Saturday, 1 December 2012

Book 76 of 2012: A Dictionary of English Down the Ages

The last two OU courses I've studied have been linguistics-based and I've discovered that it's something that really interests me. So when I wanted to make up a Book People order for free delivery the set of four 'dictionaries' I spotted seemed perfect. I started with what I thought was the first of the four, Dictionary of English Through the Ages (the others are dictionaries of word origins, proverbs and idioms), it actually turns out that it's the fourth of the set but as far as I can tell they can be read in any order.

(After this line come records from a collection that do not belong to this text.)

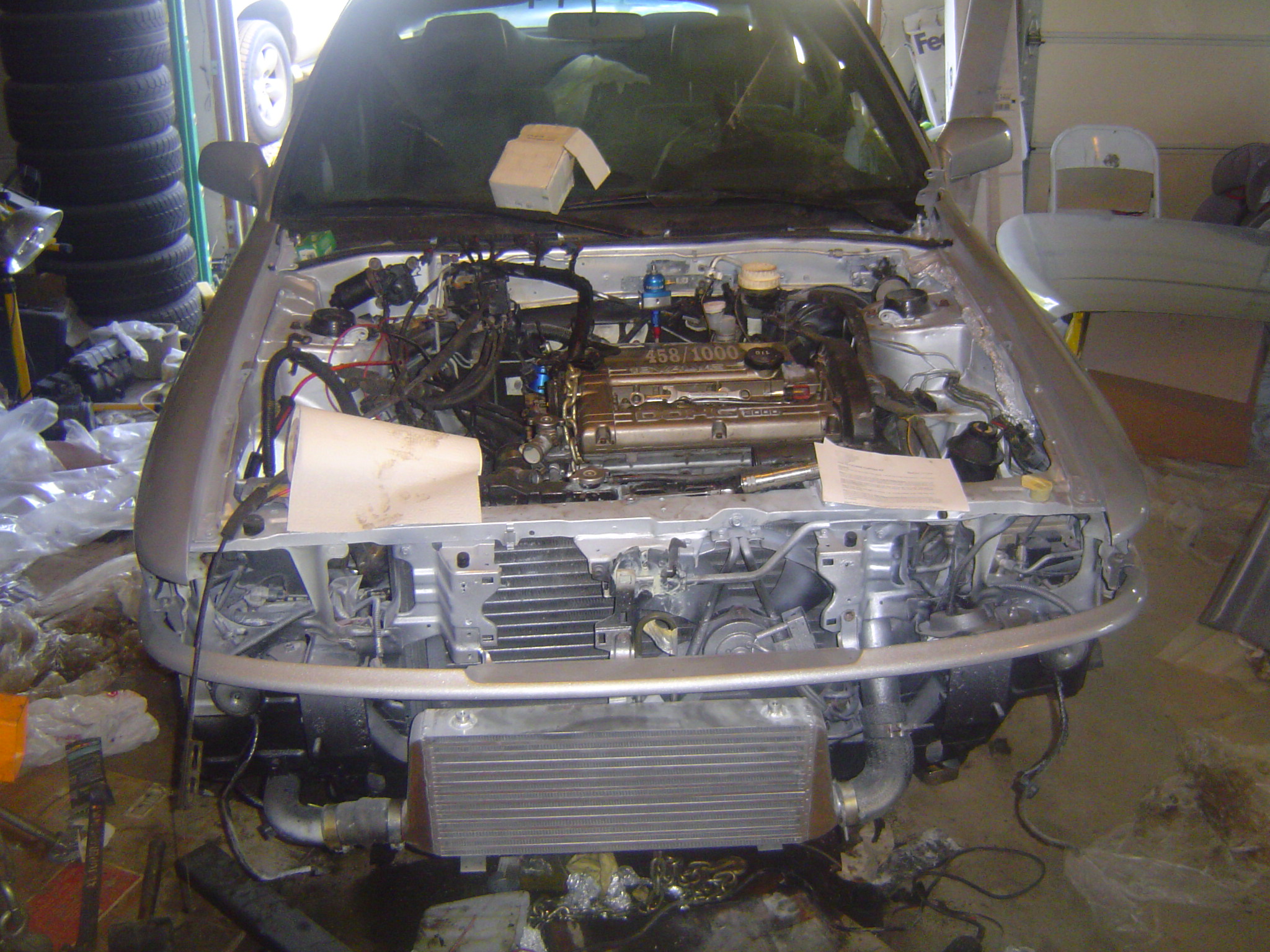 I got the engine in Friday night. Started at 9 and got done at 3 in the morning. Damn passenger mount gave me some trouble. Car has a fidanza flywheel and competition stage 4 clutch on. I also got the fmic and shock/strut assemblies back on.
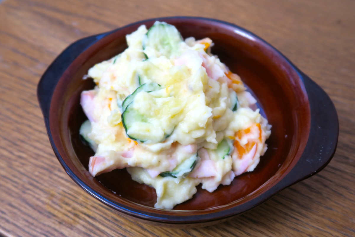 自家製のポテトサラダ作りが、材料をカットするだけでほぼ終わると考えると、なかなかすごいかも。にんじんと玉ねぎの火の通り具合も申し分ありません。お鍋ひとつで調理が完結できるので、洗い物が少なく済むのもうれしいポイントです。
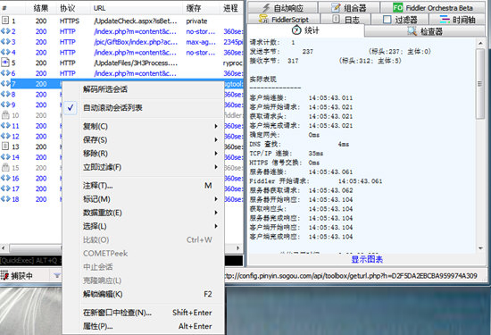 软件包含了一个简单却功能强大的基于JScript .NET事件脚本子系统,非常灵活性非常棒,可以支持众多的http调试任务,能够使用.net框架语言进行扩展,并记录所有的 http 流量,允许识别任何看不见的页面调用,还提供分析会话数据功能,可以帮助你详细分析Web会话缓存,Cookie和标题属性,轻松检查页面是否存在代理缓存,而且相较于其他的网络调试器,fiddler要更加简单,因为它仅仅只暴露http通讯,还提供一个用户友好的格式,绝对是你的最佳选择。
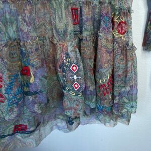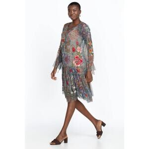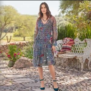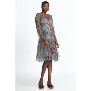 JOHNNY WAS Biya Wilde Mesh Dress Embroidered Boho Size XS Petite Floral Fall
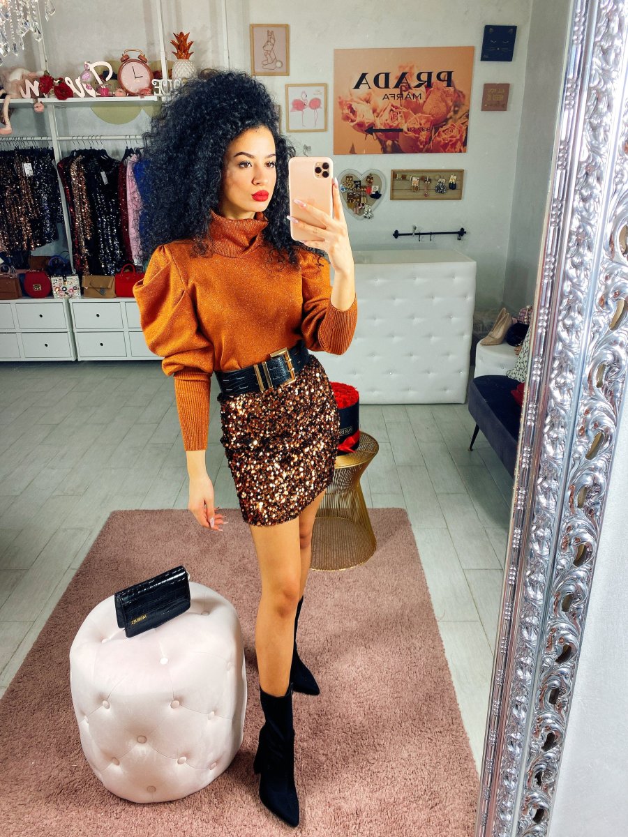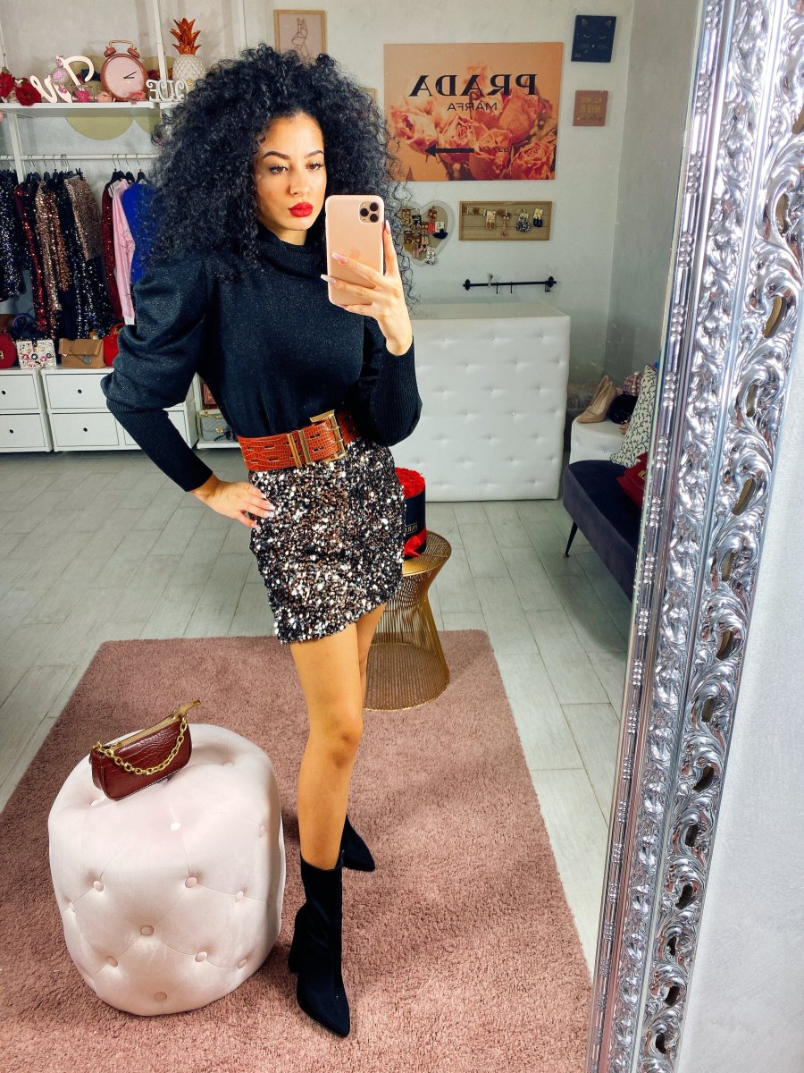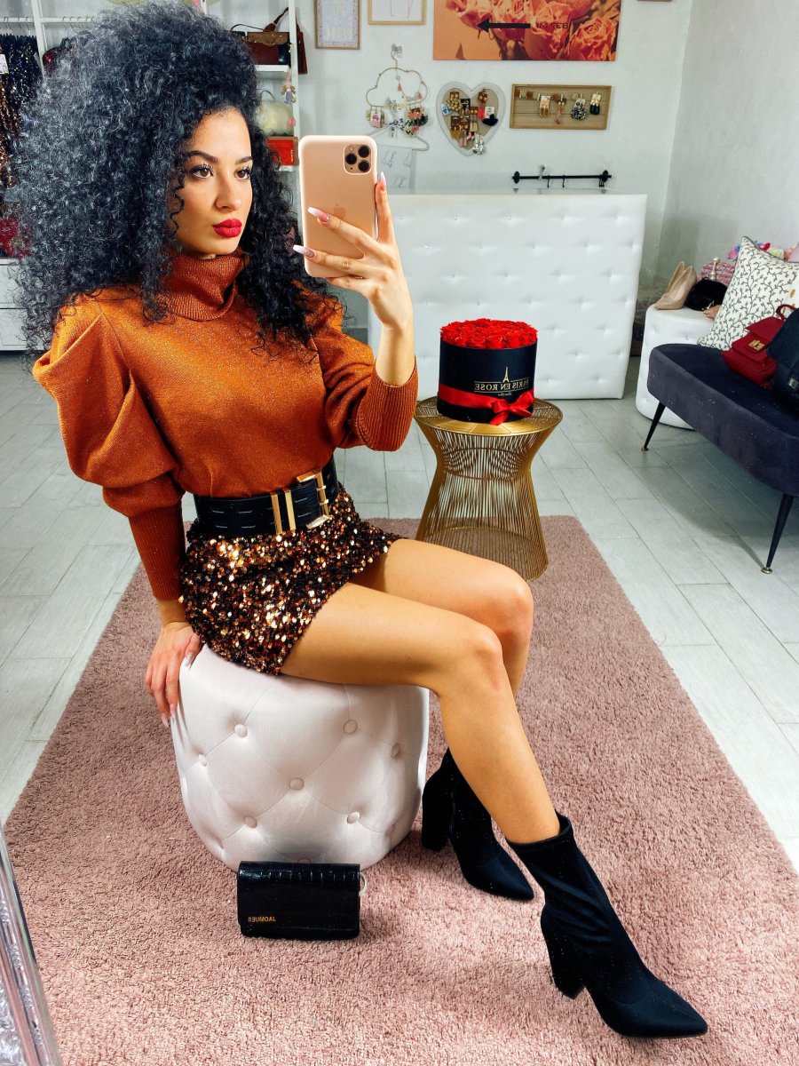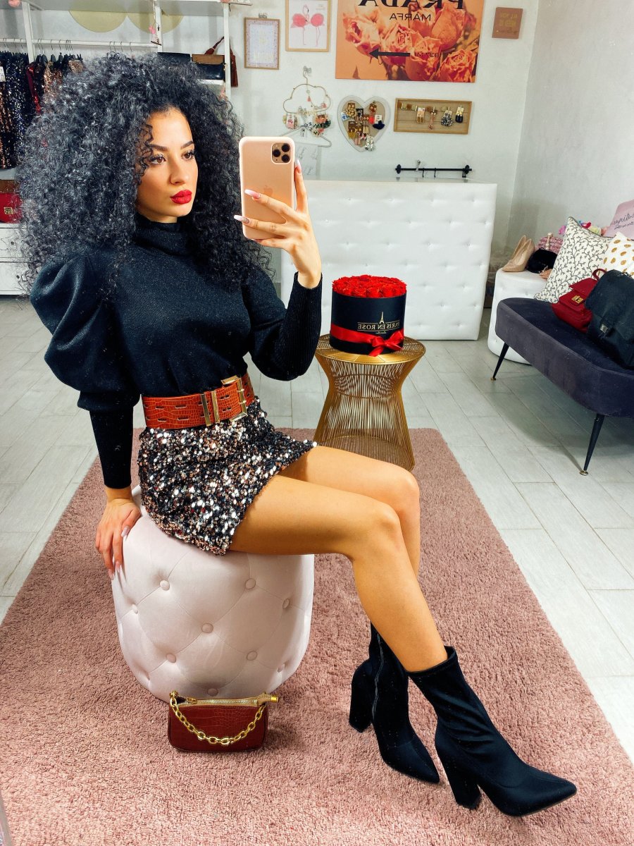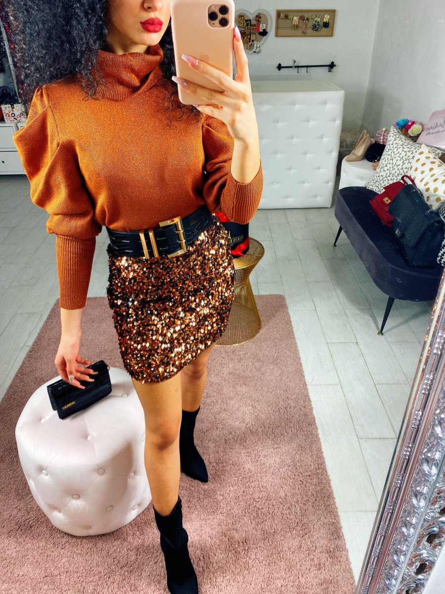 Maglioncino in tessuto con manica bombata e polsino sul polso. Tessuto comodo e elasticizzato

It's basically a book looking at when and why certain words entered the English language, and rather than going about it in alphabetical order, it's presented as a sort of timeline of the UK (with events from around the world included where they've given words to English).

 
It was quite surprising to learn just how old some of the words that we use everyday are. It started in 1066 and worked forwards up to the 1990s and the only one that wasn't familiar to me was 'quisling'. Other words surprised me by being relatively modern when I would have expected them to be older. It also showed words that are linked by a common root word which you might not have guessed came for the same origin, like cinnamon and cannon (coming from a word meaning 'tube').

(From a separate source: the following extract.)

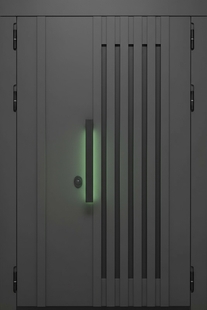 Полуторная стальная дверь с рейками, бугельной ручкой с подсветкой и темно-серыми панелями МДФ RAL 7016 — подойдёт тем, кто ценит качество и выразительный дизайн. МДФ-панели имитируют натуральную древесину, создавая эффект дорогой деревянной поверхности. Поддерживают визуальную симметрию пространства. Дизайн-проект придаёт двери выразительный и современный облик.

The book was well laid out with a little bit of information about the year or events that were being covered and then the word would be looked at. Those sections would cover where the word came from, how it was used, how it's meaning has changed as well as any quotes which were about the word or used it.

There was a bit of humour in it, though honestly I was expecting a bit more. At times some sections came across as a bit dry and dusty, especially if it was about something that I wasn't particularly interested in (like cricket which seems to have given us quite a few words). When there were humorous bits, they were funny, it's just a shame there weren't a few more of them.

One thing that the book could have benefitted from was a pronunciation guide. Based on other books I've read I was able to guess at how some words would've been pronounced, but something which cleared up exactly how to say them would've been good.

I really wish I'd had this when I was doing my course on the history of English; I could've made reference to it in several of my assignments. I'm quite interested to see what's in the other three books in the set.         
"Known originally as burnsides, by the 1880s the alternative sideburns was also current, since the hair was on the sides of the face, and this is now the modern English term."